Benar saja, saat aku tiba di los jualan ibuku, aku menemui los ibu berantakan,
ikan-ikan terbongkar kesana kemari. “Dimana Ibuku?” aku menyahut pada salah
seorang pedagang lainnya. “Di kantor pusat” katanya. Aku bergegas ke kantor
pasar. Dari kejauhan saja aku sudah mendengar bentakan seseorang.
“Kami tak bisa terus menunggu sampai
kau bayar semua utangmu. Kami juga butuh uang” Kata pria itu. Pria itu sudah
tak asing lagi bagiku dan ibuku begitupun dengan bentakannya. Namanya
Matsushiro, pemilik apartemen yang kami huni saat ini. Sudah 3 bulan kami belum
bayar sewa apartemen. Wajar saja kalau akhir-akhir ini dia sering datang
menagih hutang. Seperti biasanya, aku berusaha menjelaskan dan berjanji akan
membayar hutang secepatnya, walau aku tahu kami tidak punya uang sama sekali
untuk membayar hutang kami secepatnya. Seperti biasanya, setelah berbicara
panjang lebar buntutnya pasti ia akan mengalah juga.

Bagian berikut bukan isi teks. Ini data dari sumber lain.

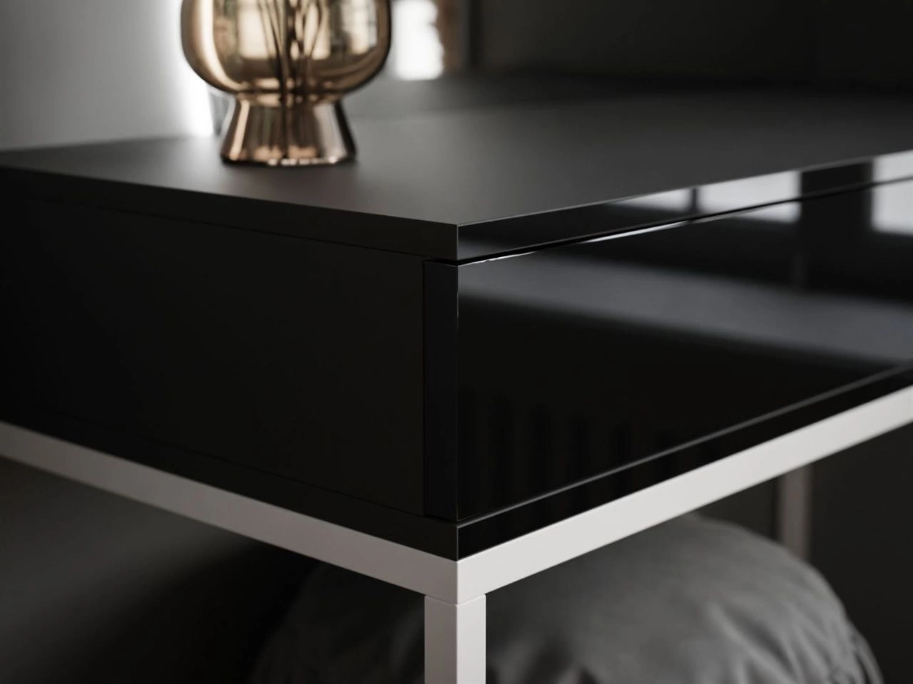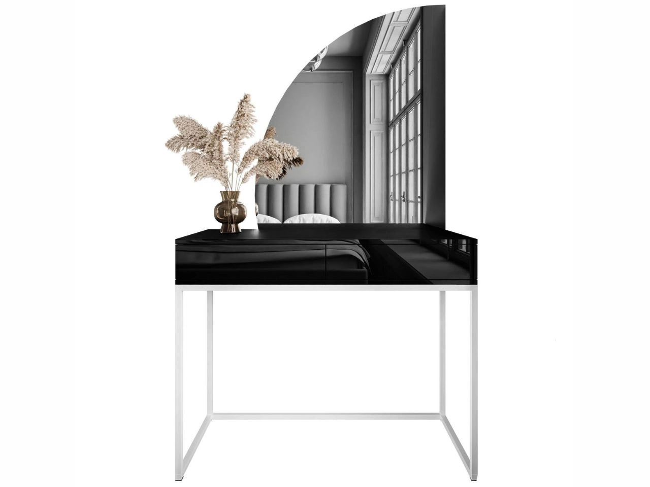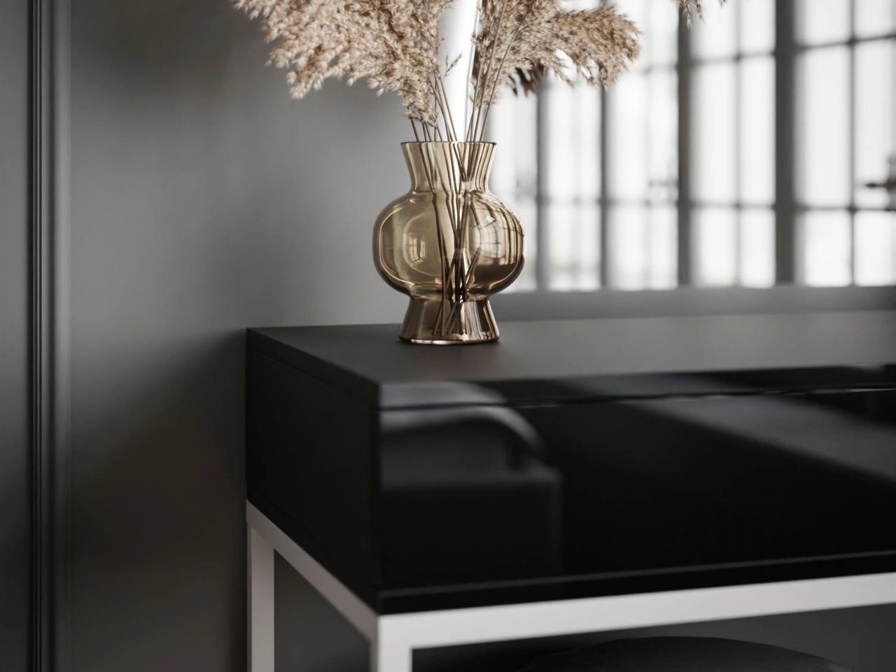 Kosmetiktisch linksseitig mit Schubladen und LED-Beleuchtung auf weißen Beinen Clarette Schwarz Hochglanz

“Kamu kok belum pergi?” kata ibu. Aku
baru tersadar kalau aku harus pergi audisi. Aku bergegas dan langsung pergi
bahkan tanpa memberi salam pada ibuku. Tapi, aku masih sempat mendengar
sahutannya dari kejauhan. “Hati-hati nak! Jangan lupa makan bekal yang Ibu
buatkan!” Aku bergegas menuju halte. Aku sangat takut terlambat, pasalnya
tempat audisi itu jauh dan butuh waktu berjam-jam untuk tiba di sana dengan bus
umum.
Jarum jam tanganku menunjukkan waktu
pukul 5 sore. Aku berharap masih dapat mengikuti audisi itu. Ya, aku sudah tiba
di panggung audisi, tapi sialnya panggung tampak sudah sepi dan sudah
dibongkar. Aku merasa hatiku begitu terguncang. Aku hanya bisa bersabar,
mungkin ini belum takdirku untuk mengikuti audisi ini. Aku hanya dapat
menghibur diriku sendiri dengan bernyanyi di tengah gemerlap kota Nagasaki ini.
Aku mengambil langkah-langkah kecil mengitari dan menikmati indahnya kota ini
di malam hari sambil mencari-cari tempat persinggahan untuk bernyanyi. Sebuah
kios di pinggir jalan menarik perhatianku, tempat ini cukup ramai. Aku duduk
bersilah dan menyalakan lilin dan mulai menyetem gitarku. Aku mulai bernyanyi
dan menarik perhatian orang-orang, mereka tersenyum lebar seolah-olah berusaha
menghiburku yang sedang sedih. Senar-senar gitarku seakan-akan membuatku
meringankan semua beban di hatiku. Aku memejamkan mata seolah-olah berenang di
tengah samudera lepas. Saat petikan terakhirku kudendangkan, kubuka mataku
perlahan. Ya, semua bebanku seketika hilang, seperti lagu yang kunyanyikan ini
yang berjudul It’s happy line (itu garis kebahagiaan). Orang-orang tersenyum
dan menuangkan koinnya untukku. Aku harus bergegas pulang sebelum bis terakhir
menuju Yokohama berangkat. Tapi seorang pria berjas mewah menahanku dan
memberikan kartu namanya padaku. Aku sangat terkejut, ia adalah direktur
produsen musik terkenal di Jepang yang mengadakan audisi tadi.
“Kamu punya bakat. Aku suka caramu
menyampaikan pesan melalui musik. Maukah kamu bekerjasama dengan perusahaan
kami?” katanya. Aku tak bisa berkata-kata. Tentu saja aku menerima tawaran itu.
Aku pulang dengan wajah yang sangat berbinar. Ya, tentulah aku senang. Ibuku
sangat bergembira mendengar berita itu. Beitupun dengan aku, tapi di lain sisi
aku juga bersedih karena harus meninggalkan ibuku, sahabat-sahabatku dan kota
kelahiranku Yokohama menuju Tokyo.
Sehari sebelum keberangkatanku, aku
menyempatkan diri bernyanyi di jalan kota Yokohama. Aku menyanyikan lagu salam
perpisahanku pada orang-orang yang setia mendengarku di hari-hari yang lalu.
Inilah lagu perpisahanku “Tokyo”. Singkat cerita, cita-citaku sebagai seorang
penyanyi tercapai. “YUI” seperti itulah orang-orang memanggilku.